EZoni commented 4 years ago

It seems to me that the segfault is not caused by the call to the function coarsenable, but rather by the initialization

Array4<Real const> const& arr_src = mf_src.const_array( mfi );

right before the ParallelFor inside Average::CoarsenAndInterpolateLoop. In other words, commenting out the initialization above and the subsequent ParallelFor (as it depends on the initialization of arr_src), the code seems to run without segfault.

EZoni commented 4 years ago

@RevathiJambunathan Did you mention that by changing the input parameter warpx.load_balance_int in the input file Examples/Tests/reduced_diags/inputs_loadbalancecosts from warpx.load_balance_int=2 to warpx.load_balance_int=1 you get segfault after 1 iteration instead of 3? I don't observe the same behavior at the moment: if warpx.load_balance_int=1, I still get segfault after the third step. Did I maybe misunderstand what you are observing?

MaxThevenet commented 4 years ago

@EZoni the segfault probably occurs at the first dump iteration after a LB iteration.
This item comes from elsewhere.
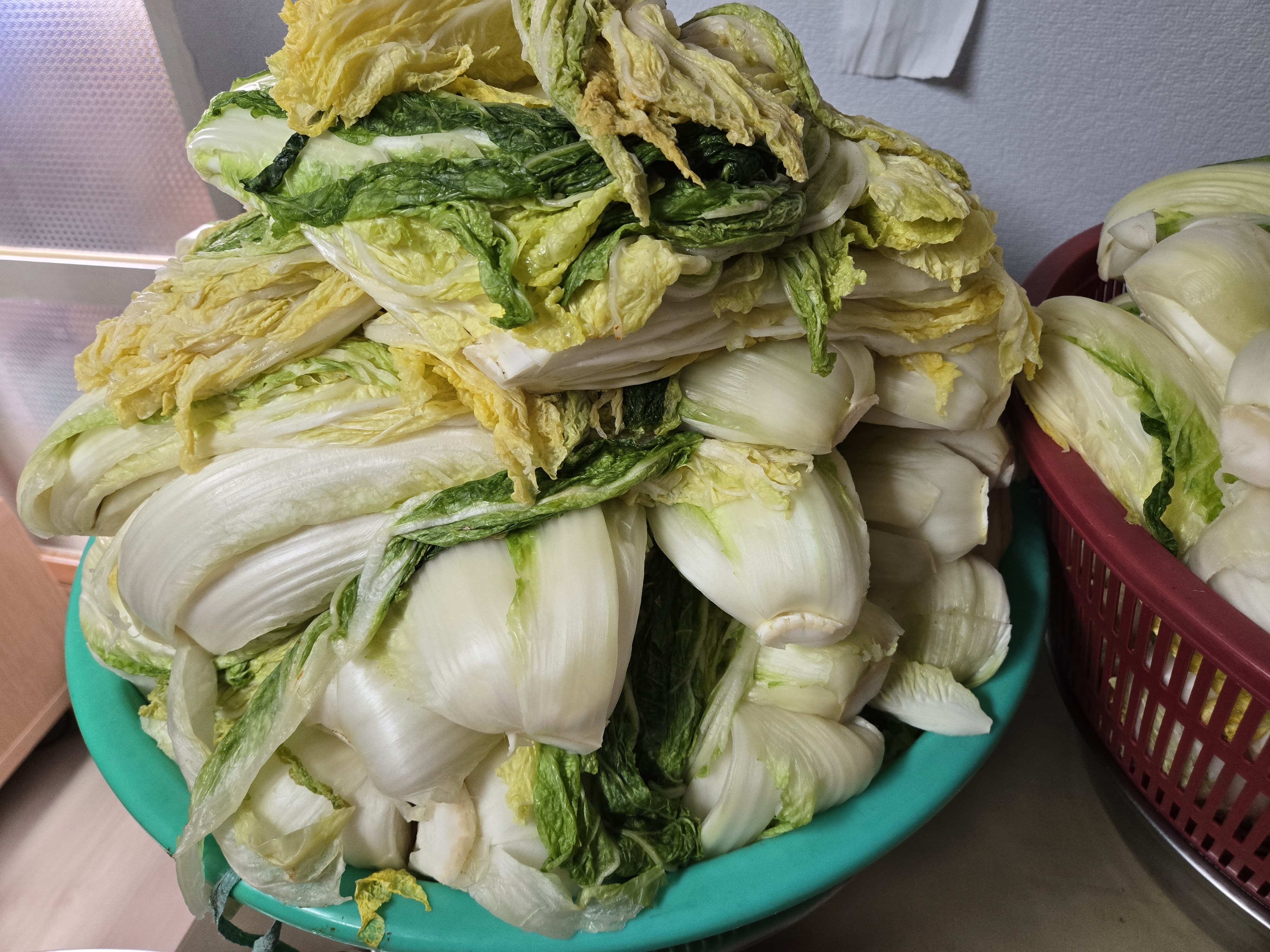 절임배추를 한번 씻어 건져놓고
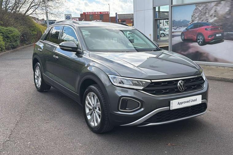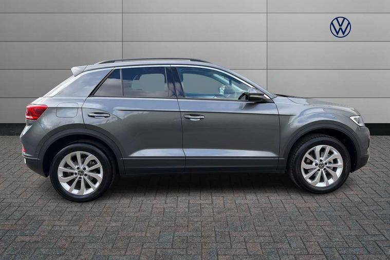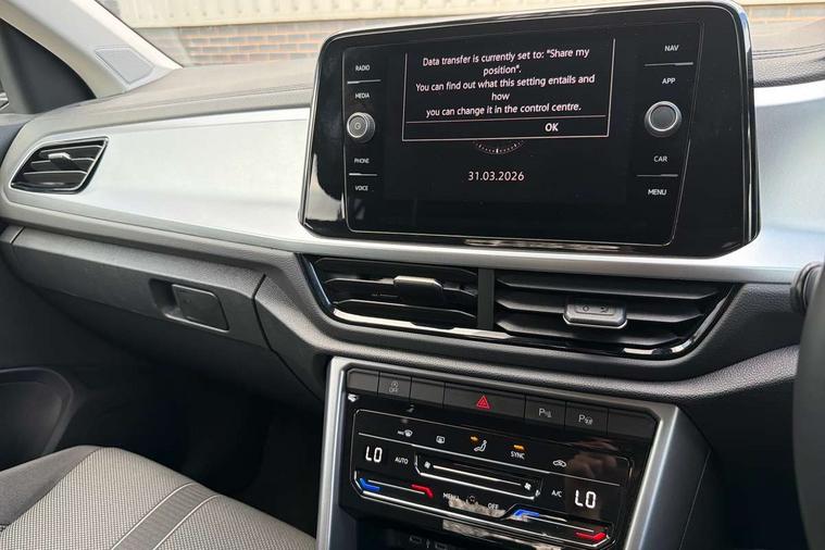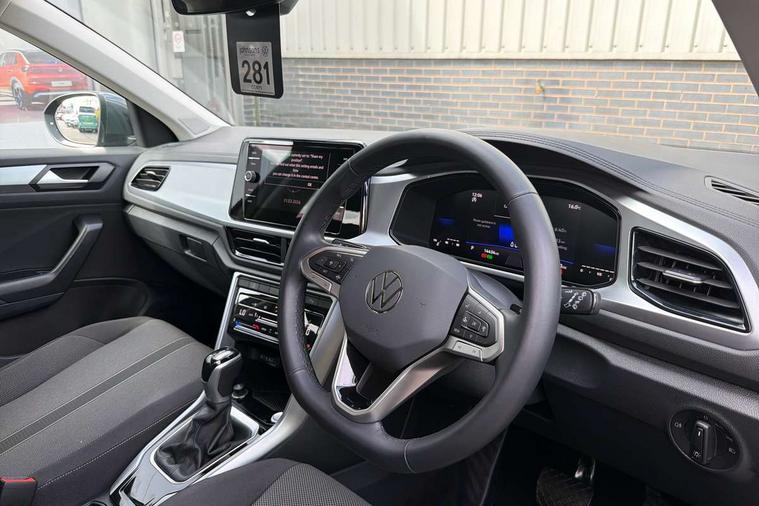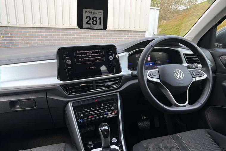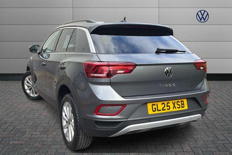 Advanced driver attention and drowsiness monitor, Dynamic road sign display, Emergency call service, Lane keeping system Lane Assist, Mobile phone interface, Modified key software - reduce switch off time for key status change to Long no motion, Online services, Park assist including front and rear parking sensors, Power assisted speed sensitive steering, Rear view camera, Service interval indicator, Tailgate/trunk lid release from outside, Think blue trainer driver tips and journey analysis, Warning sound and light for front seatbelts unfastened, Wireless app connect, Battery regeneration during braking, Front shock absorption, Rear shock absorption chassis with increased ride height, Start/stop function with battery regeneration, DAB Digital radio, Diversity antenna for FM reception, Music playback - MP3, WMA and AAC files, SD card slot, Simultaneous pairing of 2 compatible mobile devices, Title and cover art display, We Connect and We Connect Plus functionality, Auto dimming interior rear view mirror, Automatic hazard lights activation under emergency braking, Automatic headlight control with LED separate daytime running lights with coming/leaving home function, Black roof rails, Body coloured bumpers and radiator grille with chrome trim and front fog lamps with chrome bezel, Body coloured exterior mirror housings and door handles, Electrically adjustable and heated door mirrors, Extended roof spoiler, Exterior mirrors aspherical on driver side, convex on front passenger side, External USB type C socket and charging sockets, Front windscreen wiper with intermittent wipe and 4 position delay, Heated rear window, LED 3rd brake light, LED rear combination lamps, LED rear number plate lights, Power windows with comfort operation and circuit breaker, Privacy glass for rear side windows and rear window, Rain sensor, Rear exhaust tailpipe, Rear fog light on one side and reversing lights on both sides, Rear side wing doors, Rear wash/wipe with intermittent wipe setting, Remote electrically foldable door mirrors, puddle lights and reverse activated passenger's door mirror, 12V power socket in centre console, 3 rear head restraints, 3 seat bench in 2nd row, 4 load lashing points in luggage compartment, Air care climatronic air conditoning system with active combination filter and 2-zone temperature control, Black stitching for floor mats, Ceramique roof liner, Cloth upholstery, Door and side trim panel in cloth, Drawer under drivers seat, Driver/front passenger seat height adjustment, Front centre armrest, Front comfort sports seats, Front cupholders x 2, Front reading light, Front seat back storage pockets, Glove compartment door with light, Instrument lighting, white adjustable panel illumination, Interior ambient lighting and surround lighting, Interior light delay, Isofix child seat preparation, Leather gearshift handle, Load-through provision with cup holder when folded down ('Unsplit rear seat bench, split folding backrest, with centre armrest), Luggage compartment lighting, Lumbar support for driver's and front passengers seat, Non-folding front passenger seat backrest, Single front passenger seat, Storage compartment in left and right luggage area, Storage compartment in rear doors, Storage compartments in driver and front passenger doors, Sunvisors with illuminated vanity mirrors, Variable boot floor, height adjustable and removable, Driver assistance pack without proactive passenger protection - T-Roc Life/Match, 3 point height adj front seatbelts + pretensioners, 3 point seatbelts in outer rear with ECE label, ABS, Child locks on rear doors, City emergency braking and pedestrian monitoring, Driver and front passenger airbag with front passenger airbag deactivation, Driver and front passenger safety-optimised head restraints, Drivers seatbelt reminder, Electronic parking brake, Electronic Stability Control (ESC) inc EDL (Electronic Differential Lock) and ASR (Traction Control), Front and rear passengers curtain airbag system including front side airbags, Front disc brakes, Hill start assist, Predictive pedestrian protection, Rear disc brakes, Two tone horn, Tyre pressure loss indicator, Volkswagen roadside assistance, Alarm with interior protection, Keyless locking and starting system keyless access with safelock, Pewter matt decorative inserts for intrument panel, centre console and door panels at the front, Trims for alloy wheels,

I think @RevathiJambunathan and @WeiqunZhang identified the bug, with @mrowan137's help @RevathiJambunathan is currently working on a fix.

RevathiJambunathan commented 4 years ago

@EZoni sorry -- I was not fully clear when I talked about it this morning. I also changed diag.period = 1 and played with load_balance_int=1,2,3,4 to confirm if that was the cause for error.

EZoni commented 4 years ago

This issue was fixed in #943. The test reduced_diags_loadbalancecosts_timers, that was crashing in #933 before the fix in #943 was merged, runs successfully now.